Listed entries »

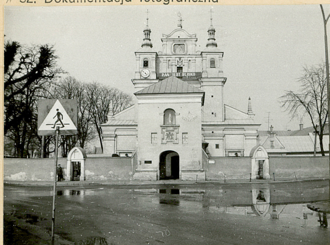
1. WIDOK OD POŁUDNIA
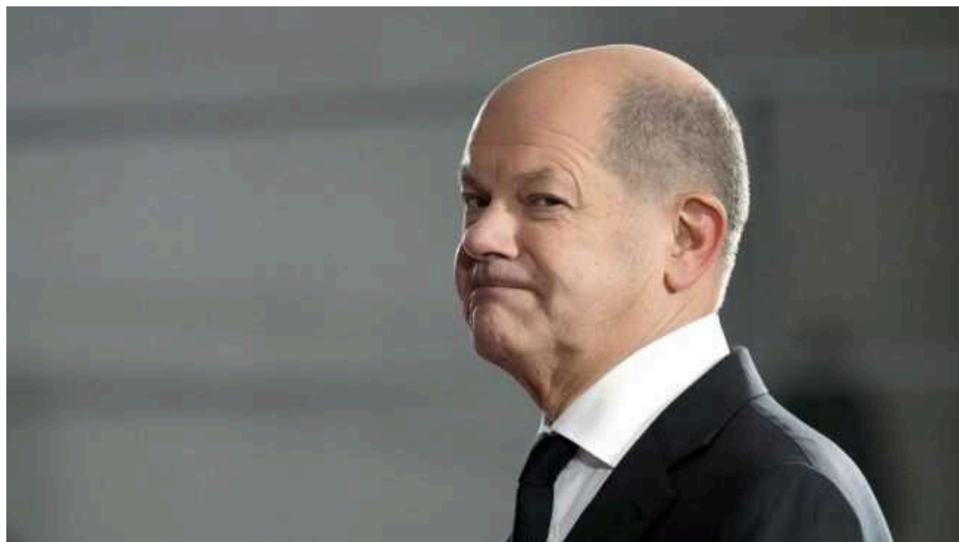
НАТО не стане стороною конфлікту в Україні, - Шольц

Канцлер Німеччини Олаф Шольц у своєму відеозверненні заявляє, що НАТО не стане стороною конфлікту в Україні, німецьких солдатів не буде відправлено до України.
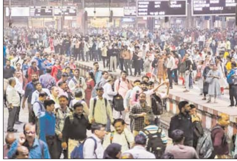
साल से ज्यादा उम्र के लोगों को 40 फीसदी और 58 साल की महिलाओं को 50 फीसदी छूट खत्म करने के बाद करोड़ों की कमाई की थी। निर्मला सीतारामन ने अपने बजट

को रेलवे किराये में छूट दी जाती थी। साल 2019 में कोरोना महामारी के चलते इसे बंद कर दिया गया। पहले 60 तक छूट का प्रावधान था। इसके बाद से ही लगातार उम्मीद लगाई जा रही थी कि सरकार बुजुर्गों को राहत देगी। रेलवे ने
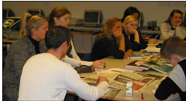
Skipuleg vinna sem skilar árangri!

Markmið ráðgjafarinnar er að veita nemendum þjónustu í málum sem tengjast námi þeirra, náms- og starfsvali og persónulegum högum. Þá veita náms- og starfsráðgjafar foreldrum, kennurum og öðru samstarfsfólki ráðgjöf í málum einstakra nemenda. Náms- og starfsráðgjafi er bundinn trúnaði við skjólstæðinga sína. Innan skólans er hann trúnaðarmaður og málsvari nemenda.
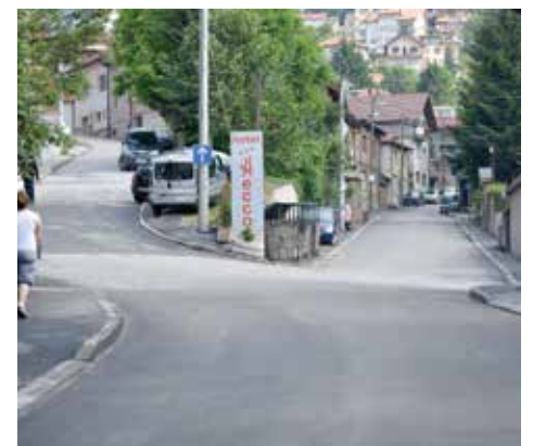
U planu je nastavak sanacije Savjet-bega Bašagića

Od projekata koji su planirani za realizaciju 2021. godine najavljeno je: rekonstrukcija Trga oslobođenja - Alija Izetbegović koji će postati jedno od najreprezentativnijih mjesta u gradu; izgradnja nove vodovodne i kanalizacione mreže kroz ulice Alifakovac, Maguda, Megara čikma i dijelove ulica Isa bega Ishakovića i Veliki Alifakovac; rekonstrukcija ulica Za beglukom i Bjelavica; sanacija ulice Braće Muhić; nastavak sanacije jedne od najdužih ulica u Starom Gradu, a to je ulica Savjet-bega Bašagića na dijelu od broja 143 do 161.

* * *

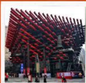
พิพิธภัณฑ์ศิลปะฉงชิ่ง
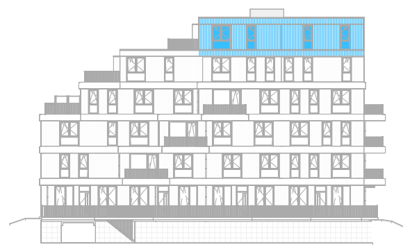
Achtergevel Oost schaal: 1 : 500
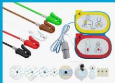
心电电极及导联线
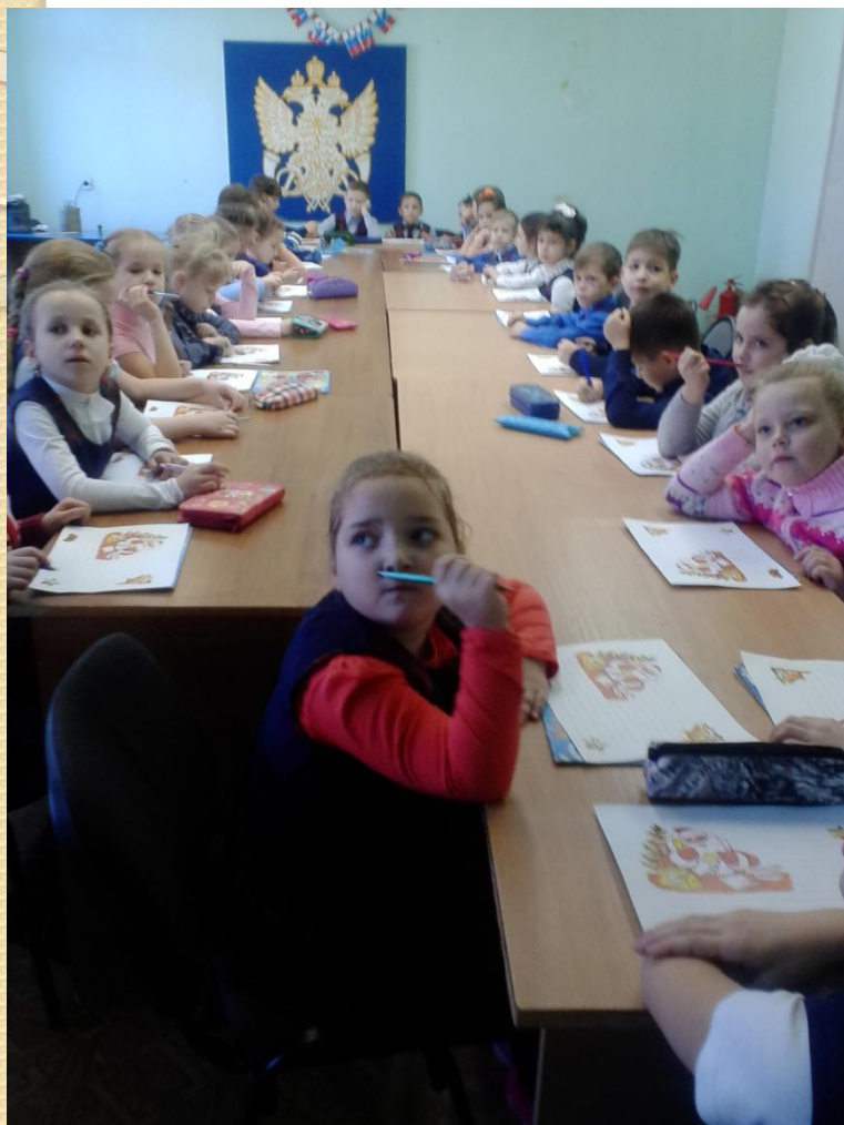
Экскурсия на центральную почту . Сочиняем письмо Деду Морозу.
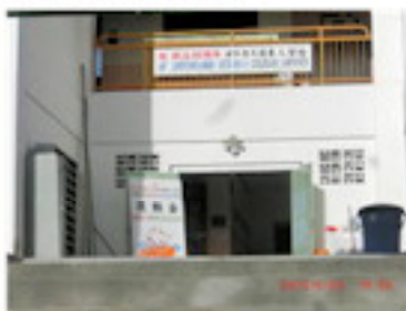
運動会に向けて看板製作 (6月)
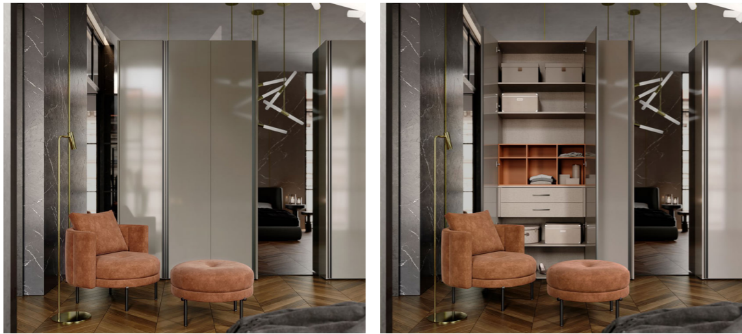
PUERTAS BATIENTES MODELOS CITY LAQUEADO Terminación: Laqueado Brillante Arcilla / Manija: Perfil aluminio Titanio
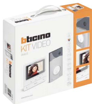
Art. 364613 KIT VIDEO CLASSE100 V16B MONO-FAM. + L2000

About this task » Tally every line of the data that holds the word "стороною" and write the count alone.

Response » 2